There are two aspects to our mindset I would like to make clear before embarking on this journey.

Initially what I propose may feel impossible, too hard or not worth doing. Instead of focusing on wealth and riches I want you to clear your mind and approach this with one thought “I want to be 1p better off”. If you can motivate or discipline yourself to be 1p better off then you will find opportunities to multiply this greatly.

Secondly, all of us get a kick from buying things (experiences, products, food whatever tickles you). It is addictive, inevitable and it makes us feel good. Some of the things are even what makes life worth living. Following these guidelines help to shift our addiction from spending into saving. If you can put yourself into a position of power and control over your money then you can enjoy the satisfaction of watching it grow and gain the peace of mind that comes with it.

Acknowledging both of these aspects is key to making use of the tools this article provides and is the first commitment you make to yourself on this journey.

Savings

One size does not fit all when it comes to savings and you are not married to one single approach. Evolving your approach as savings grow will work very effectively and help you to maximise your profit.

For each of these techniques I recommend the following:

  1. Set up at least one savings account or savings pot to hold the funds away from your current account. Ideally an interest paying account with no fixed term (for now).
  2. Set a goal to work towards. If you are just starting out this should be three or six months expenses (not salary) in reserve. Once you have this reserve you can think about a holiday, car or anything which appeals to you.

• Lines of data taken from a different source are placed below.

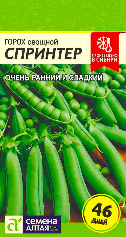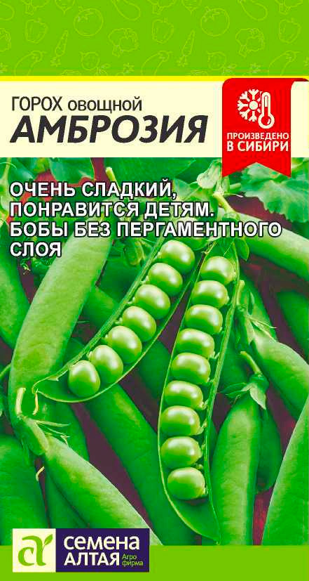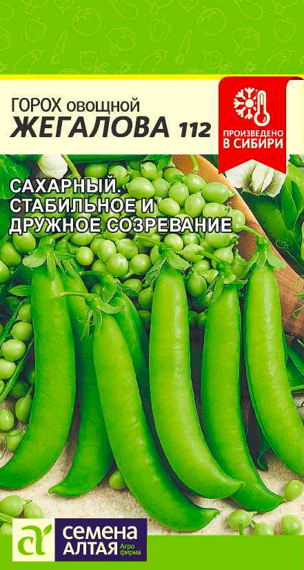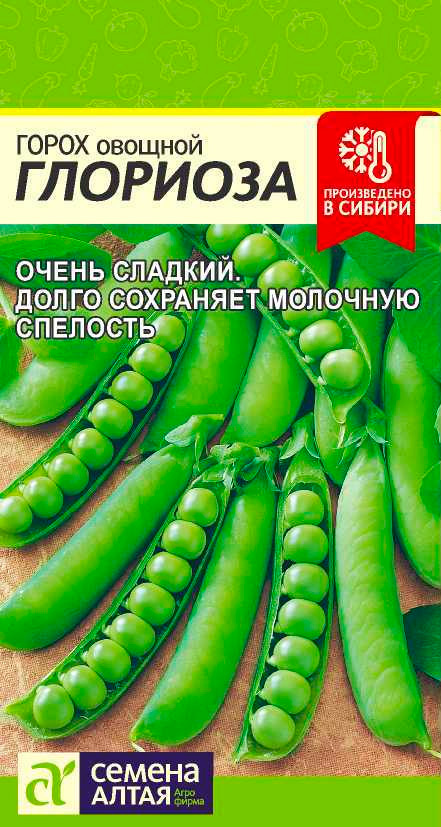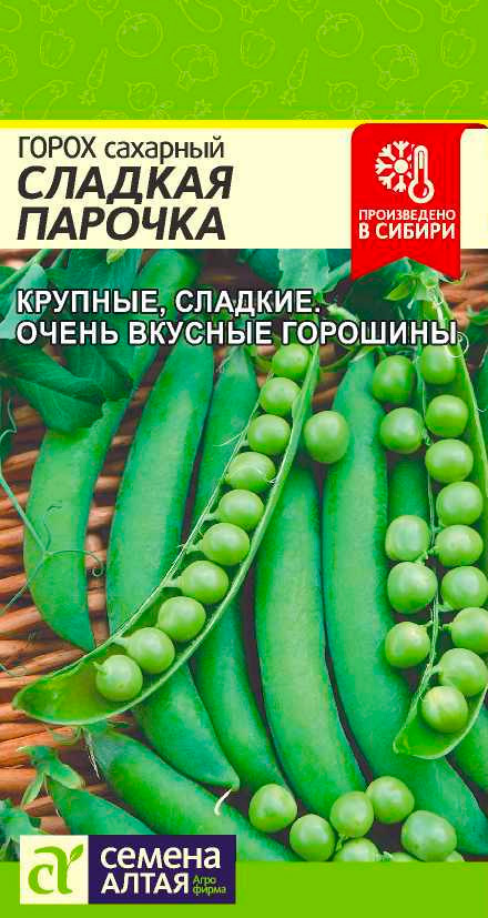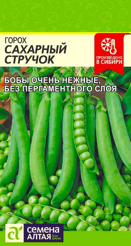 Горох Сахарный стручок 10г (Семена Алтая)Среднеспелый высокоурожайный сахарный сорт. Высота растения 70 см, число соцветий 13-15. Длина боба 10 см, в бобе 7-10 горошин. Зеленые бобы очень нежные, без кожистого пергаментного слоя. В пищу идет целиком зелен
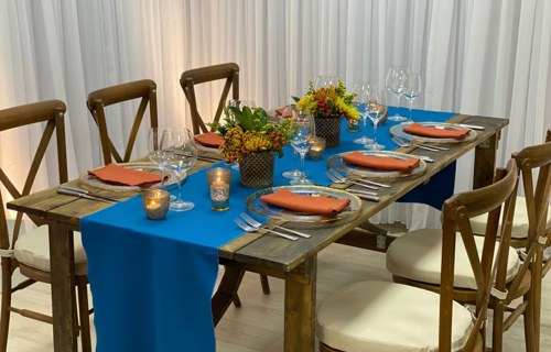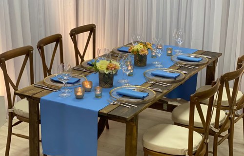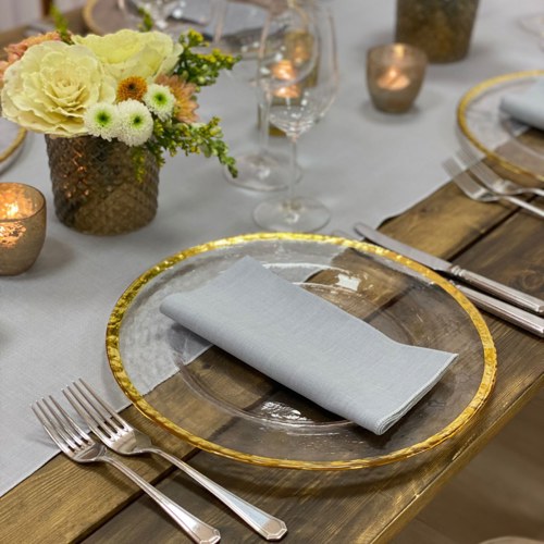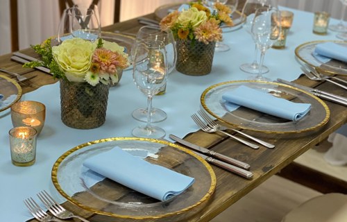 © 88 Events - Sky blue Essential runner & napkins with gold Trim chargers on Rustic table
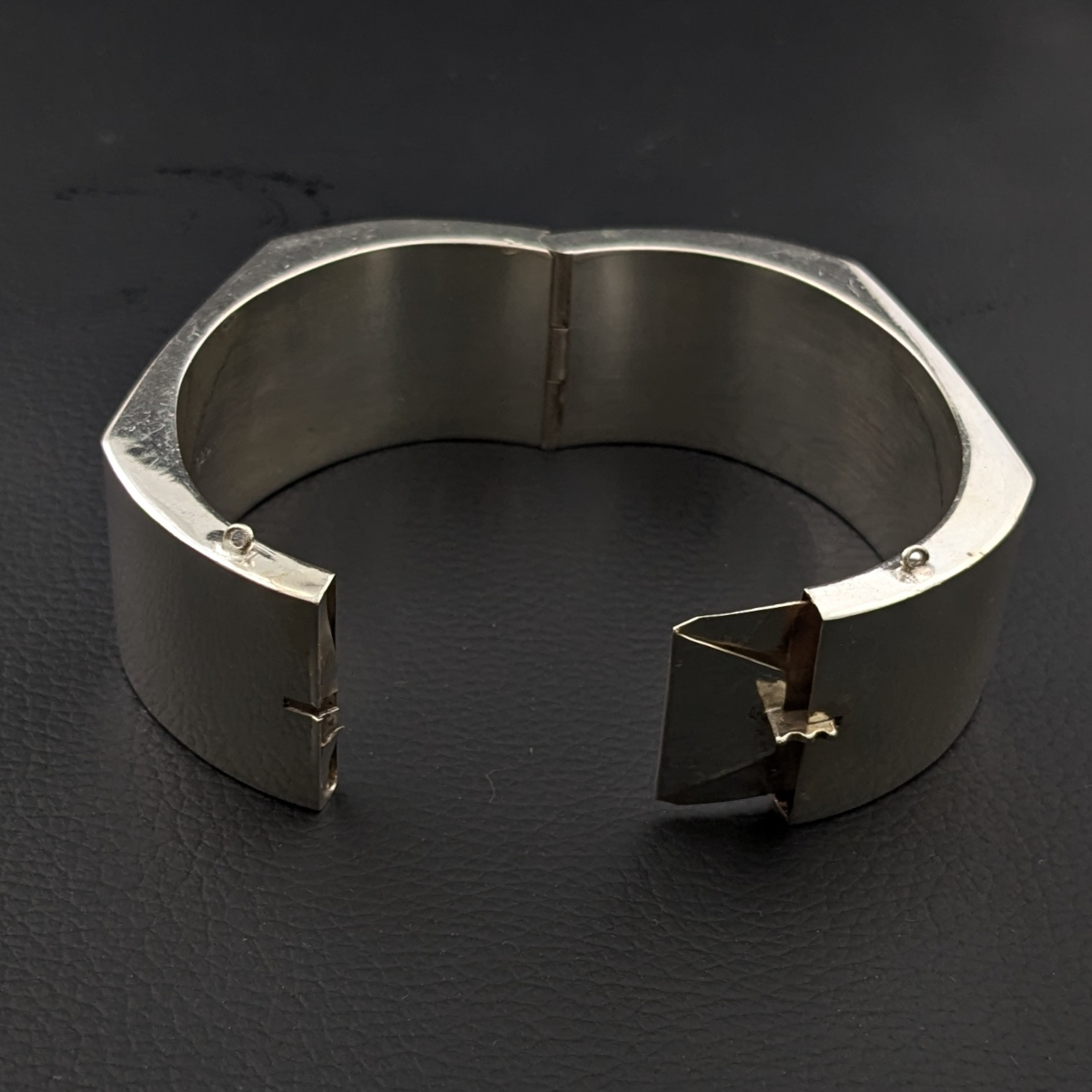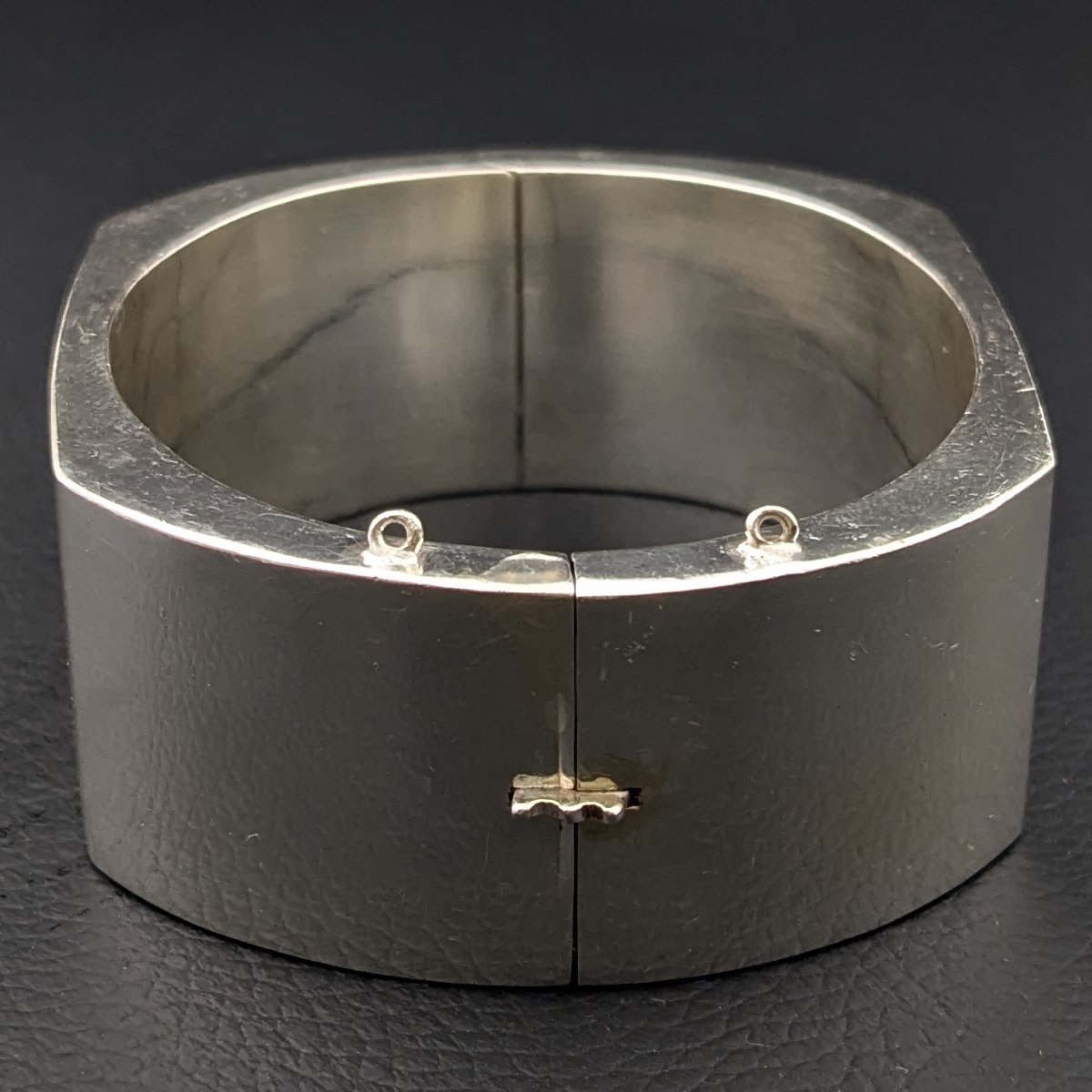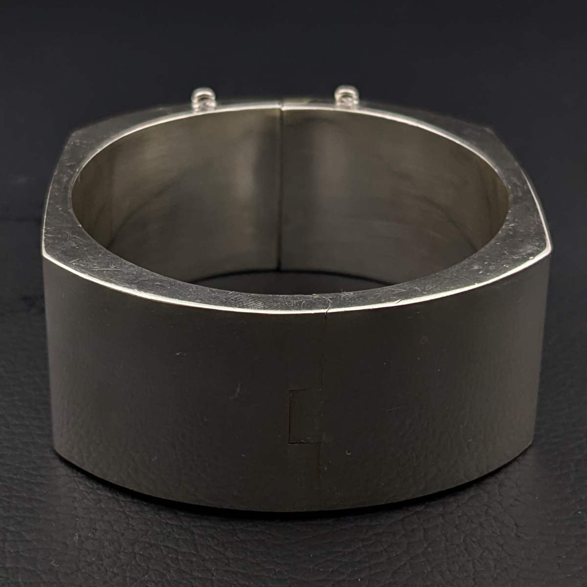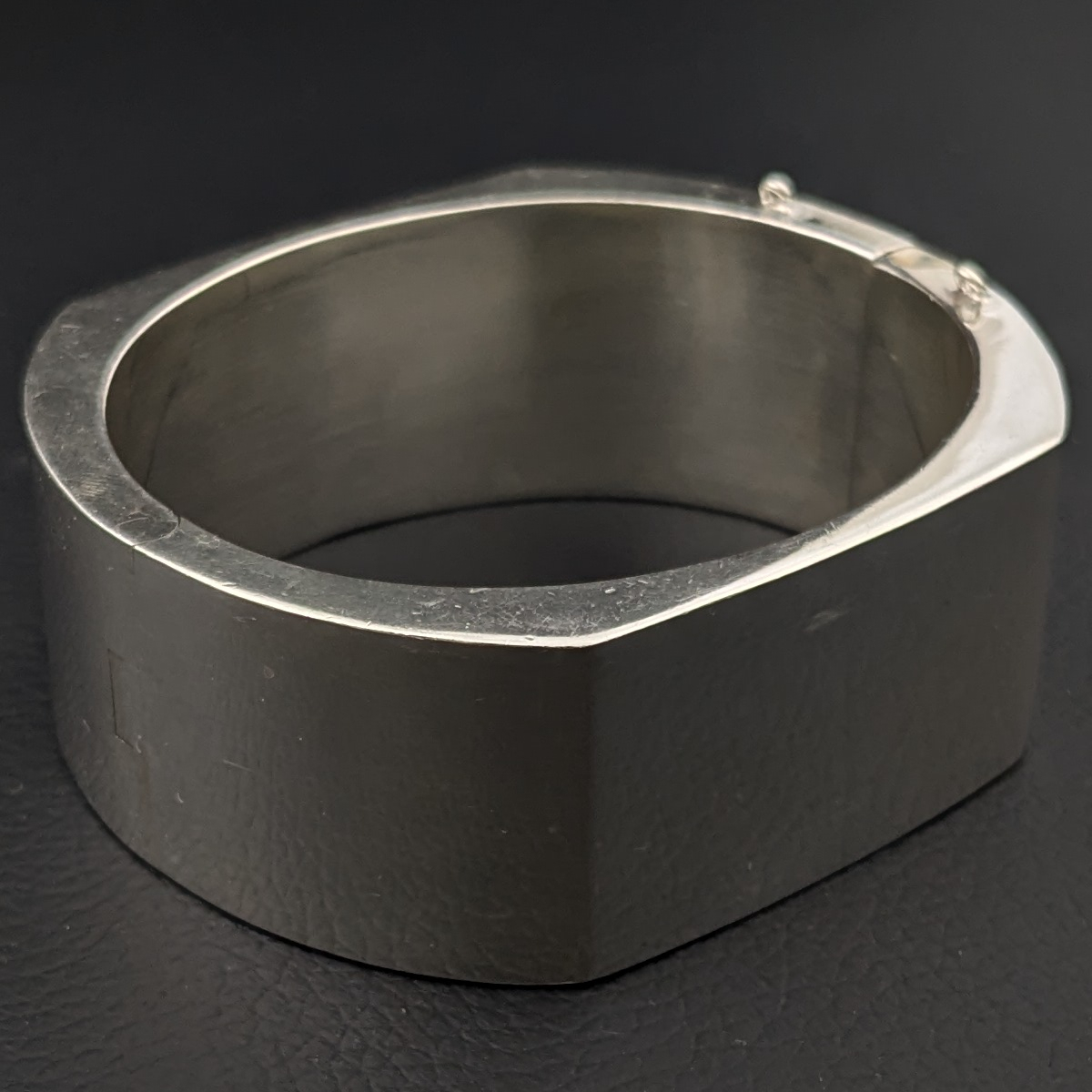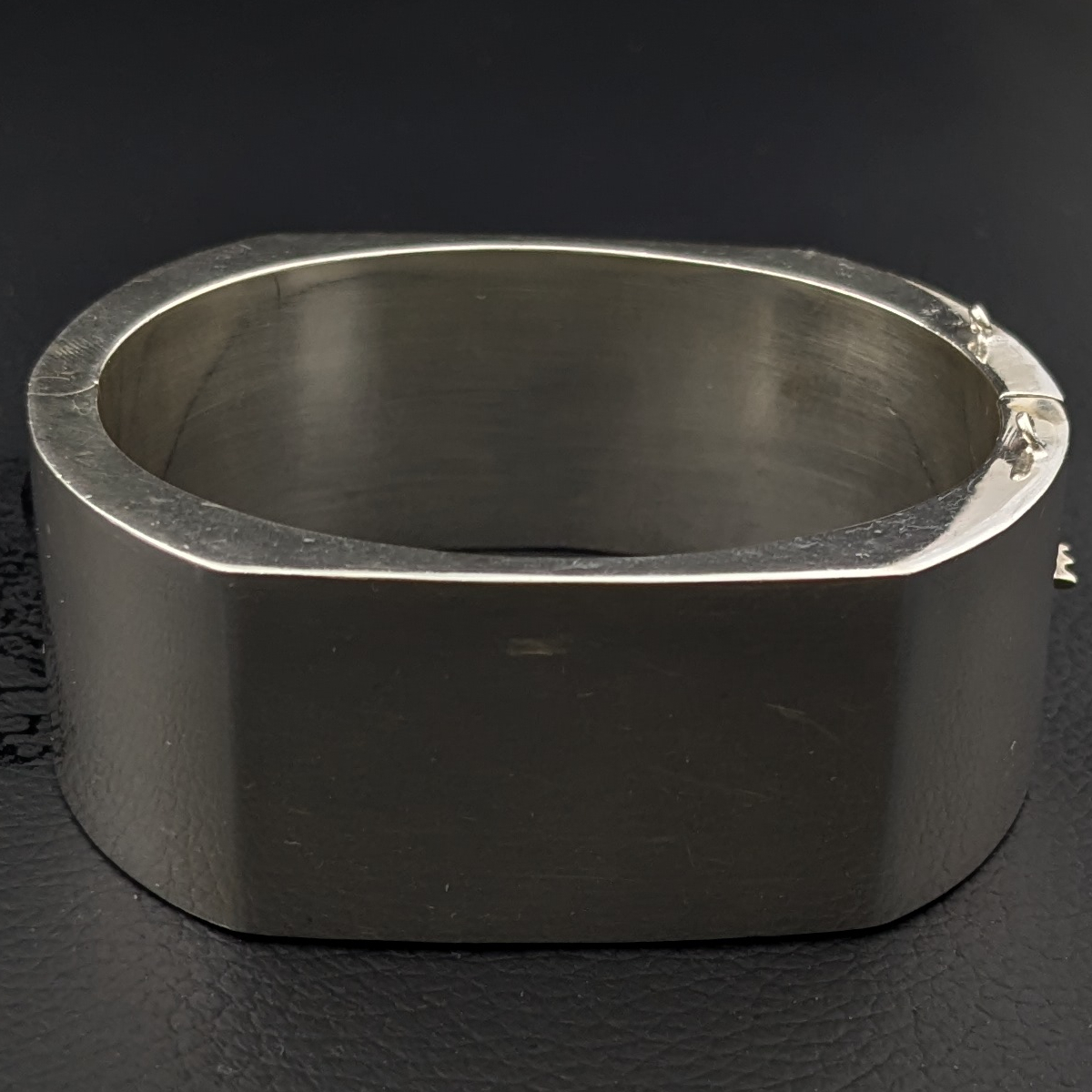 | 商品説明 | 素材:シルバー925 (スターリングシルバー) 産地: 年代: 内周約17.4cm、幅約2.4cm、開口部7.3cm、重量約46.5g セーフティチェーンは欠損しています。 出品前に検品をしておりますが、見落としがある可能性もございます。 |

Incremental savings — The least invasive form of saving. Set up a savings account or pot which you can see but not remove money from easily (if it pays interest then even better).

On day 1 add 1p to the savings account, on day 2 add 2p and so on. Each day contribute 1p more than you did the previous day. This may not seem like much but ask yourself two things:

  1. How painful is it to save literally pennies per day? Not very.
  2. Would you have been able to consistently save for a whole year any other way? Perhaps but perhaps not, life happens.

If you bank with companies such as Monzo the good news is this process can be automated with IFTTT and is known as the “1p savings challenge

On your last day of the year you will contribute £3.65 and be sitting on a grand total of £667.95 (approximately).

Pay yourself first — Slightly more invasive but more suited to those who like regularity and slightly larger deposit amounts.

Take 10% of your net pay and put it in a savings account. That’s it. Pay more if you can but no less than 10%. The remaining 90% is used to cover all other expenditures. A strange thing happens here, the ability to spend naturally tempts us to spend and we love it. If we reduce the ability to spend we find ways to reduce our expenditure.

Consider this, 10% of each monthly wage packet for a year is more than one entire months salary saved.

I also recommend setting up a spreadsheet which tracks contributions, totals and projected goal over the course of at least a year. This helps maintain the financial discipline required.

Zero budget saving — This is more for those who wish to maximise their money in the shortest timescale. Split your monthly salary into three categories:

  1. What you need — food, fuel, housing, transport, debts
  2. What is nice to have — broadband, Netflix, mobile phone
  3. Spending money- takeout, fancy coffee, occasional treats

What ever is left you take aside and put into savings which brings your available budget down to £0. By the time your next wage packet arrives you should have no available cash (but a nice fat deposit into a savings account).

This technique allows you to grow savings as fast as possible but also has a hidden bonus. Just because you have spending money, doesn’t mean you need to spend it. Anything not spent can be saved instead!

The sky is the limit on this one and recommended for speed. The amount saved is entirely dependent on how much you can squeeze from your expenditures.

Budgeting

Spreadsheets have a bad reputation but there are those of us out there who quite enjoy them. When you bring together your budget, savings and debt into a single spreadsheet and maintain it then you are a master of your money.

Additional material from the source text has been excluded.